24.  And the Pharisees said to Him, “Look, why do they do what is not lawful on the Sabbath?”

The Pharisees had made so many laws regarding the Sabbath that it is a wonder that even they could keep them all straight.  However, this action of the disciples was definitely a violation, and they therefore question Christ concerning it.  More than likely His disciples had asked Him if this was appropriate before doing it, and He had told them to go ahead.

25.  But He said to them, “Have you never read what David did when he was in need and hungry, he and those with him:

The Lord takes them back to the Old Testament and one of their most-respected national heroes, King David, for a precedent for what He was allowing His disciples to do.
26.  “How he went into the house of God in the days of Abiathar the high priest, and ate the showbread, which is not lawful to eat, except for the priests, and also gave some to those who were with him?”

The Lord gives this precedent for their actions from the life of David, when he ate the sacred bread when he was in need.  This event is recorded in I Samuel 21.  The bread he and his men ate was the showbread, which, according to Leviticus 24:9, was only lawful for the priests to eat.  Yet when David had need, God and His high priest allowed David and his men to eat of it.  An example of the fact that God’s laws were never meant to be oppressive, as the Pharisees had made them.

27.  And He said to them, “The Sabbath was made for man, and not man for the Sabbath.

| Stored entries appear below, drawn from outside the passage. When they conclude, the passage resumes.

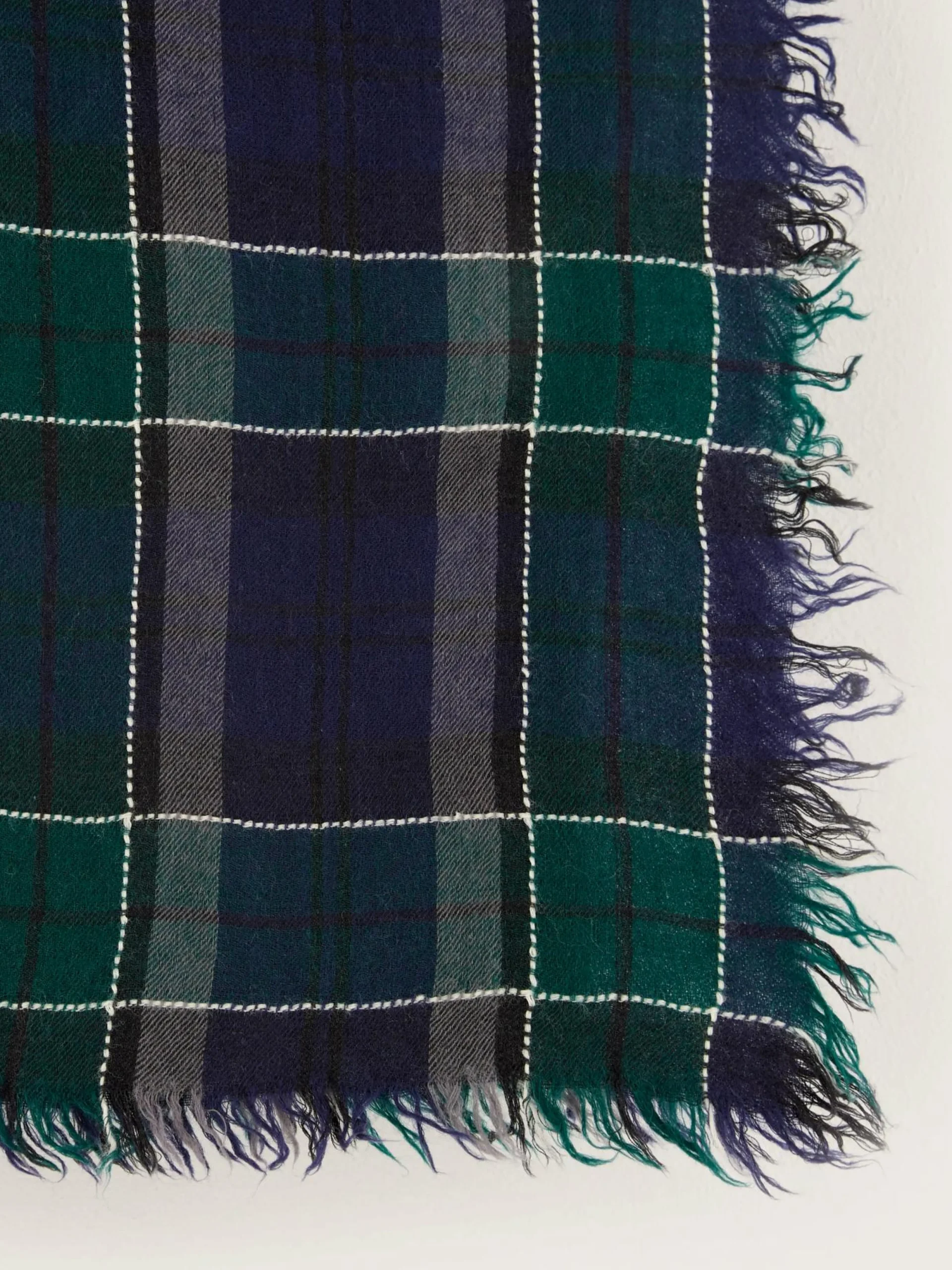 Geweven vierkante wollen sjaal met black watch ruiten.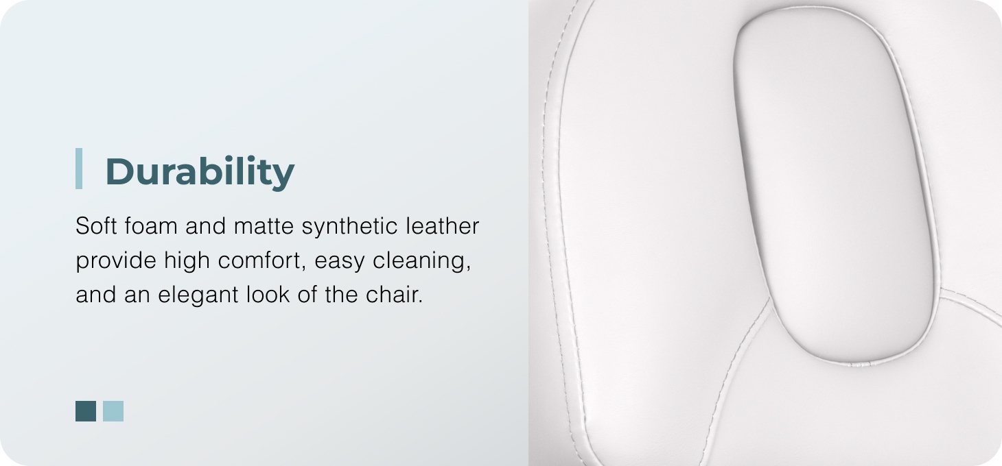 The soft foam filling and upholstery made of soft, pleasant to the touch, matte synthetic leather in shades of white guarantee comfort and ease of cleaning. The material is moisture-resistant, and carefully crafted stitching emphasises the elegant character of the furniture. The solid construction ensures stability and long-lasting use, while the minimalist design in classic colours makes the chair a perfect complement to modern interiors decor.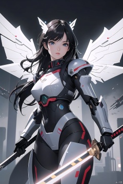 cyborg,mecha,(Best quality,masterpiece.)1girl,movie lighting, wide angle and super details,1girls,katana,mechanical_wings,mechanical_angel,armor,science fiction,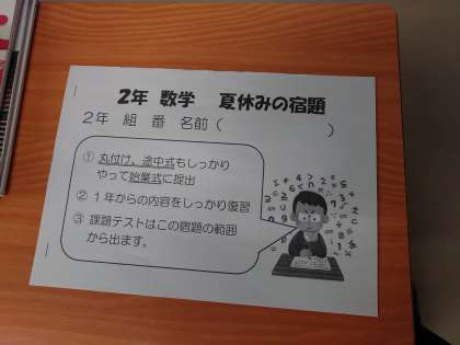 各教科の授業で《夏休みの宿題》が配布されています。1学期の復習、9月の中学生チャレンジテスト(3年生)、課題テスト(1・2年生)に向けた準備です。もちろん早めに仕上げて、提出期限も守りましょう。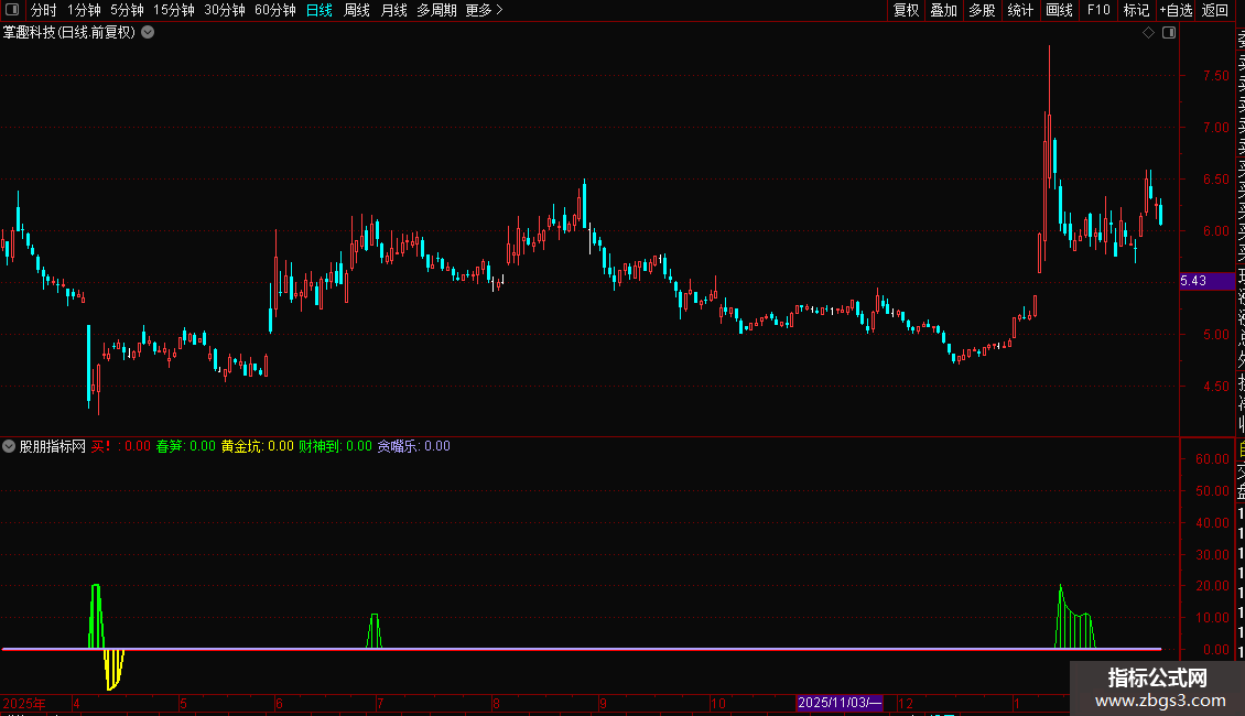 春笋: IF(VAR7 AND REF(CLOSE,1)<=COST(5),20,0),LINESTICK ,COLOR00FF00,LINETHICK2;
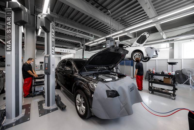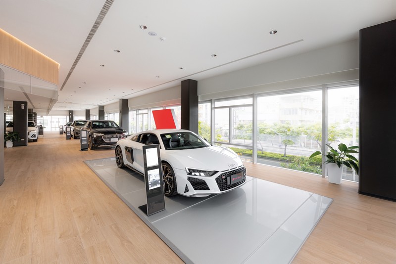 全新Audi鳳山展示暨服務中心座落於高雄市鳳山區樞紐地段,鄰近鳳山文山特區與新鳳山火車站,且能快速連通國道一號中山高速公路。據點占地總面積逾千坪,採4層樓專層建造,1樓規劃新車專區並設有顧客休憩與兒童遊戲區域,2樓則為Audi Sport專區,雙層新車銷售區域共展示14台包含新世代車款、Audi Sport性能車款及e-tron 純電系列。而Audi Approved: Plus嚴選中古車及服務廠則分別位於3、4樓層提供專屬優質服務,為提供四環純電車主便利的充電服務,據點內同步設置180kW的Audi 極速快充站,30分鐘內可為e-tron 愛車充飽80% 電力,並採24小時提供快速充電服務。為使體驗更加完整,服務廠設有快速保養工作位,同時四環車主等待愛車保養過程中,更可於任一樓層多樣化設施及休憩區域,享受優質服務。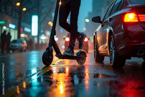 © Vera, Fototapeta premium Capturing the Contrast between Chaos and Stillness: A Creative Photo Idea of a Man on an Electric Scooter Overrun by a Car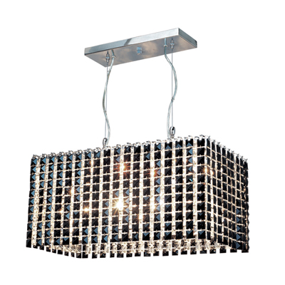 This attractive Crystal Black Ice Four-Light Pendant comes in metal chrome finish and traditional crystal shade. This black ice brightly crystal shade gives it a sophisticated look.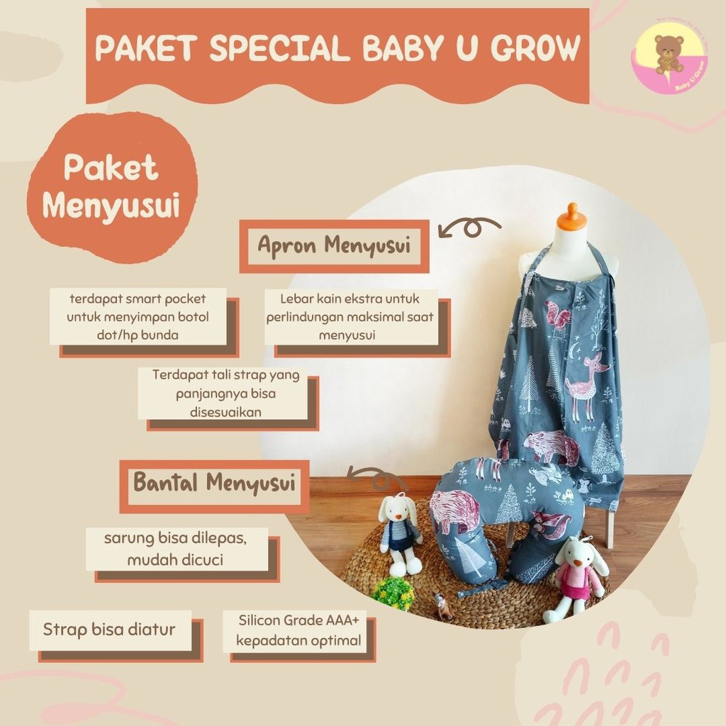 Kelebihan - Kelebihan membeli [CUSTOM MOTIF] Paket Menyusui - Bantal & Apron menyusui - Katun Catra - Baby U Grow di Toko ini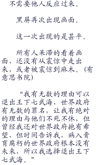 他没想过剩下的王下七武海居然还有人退出。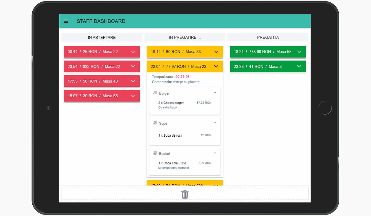 Aplicația pentru staff preia comenzile, oferă control asupra statusului lor, status ce va ajunge și la clienți în timp real. De asemenea, se oferă posibilitatea de a returna o comandă, returnarea banilor făcându-se automat către clienți.

Then He points out that the Sabbath was made to benefit man, not make him suffer or go hungry.  The Lord had created it as a way of ensuring a day of rest for all servants and employees in Israel, so that they would not be worked seven days a week.  It was meant to ensure that everyone would receive a day of rest.  Yet what good was a day of rest if those resting were forced to go hungry because of it?  These Pharisees needed to realize that the Sabbath was created by God to benefit man.  They were acting instead like man was made for the Sabbath, and just forced into it as a way of following a religious rule.  This was never God’s intention, but rather that it would benefit man, and Christ points this out to them.

28.  “Therefore the Son of Man is also Lord of the Sabbath.”

Finally, He confirms that the Sabbath is His day, and He is the Lord of it and may use it as He wishes.  In Genesis 2:3, we read that God set apart the seventh day as a special day for Himself.  And the Lord Jesus is the same God Who created the world.  Thus, the Sabbath is His, and He can use it as He sees fit, being the Creator of it.  What He says, when it comes to the Sabbath, goes, since it is His day.  Thus, if He judged it permissible that His disciples pluck grain on that day, then it is permissible.  Yet the Pharisees could hardly accept this truth, since they did not believe that Jesus Christ is, in fact, truly God.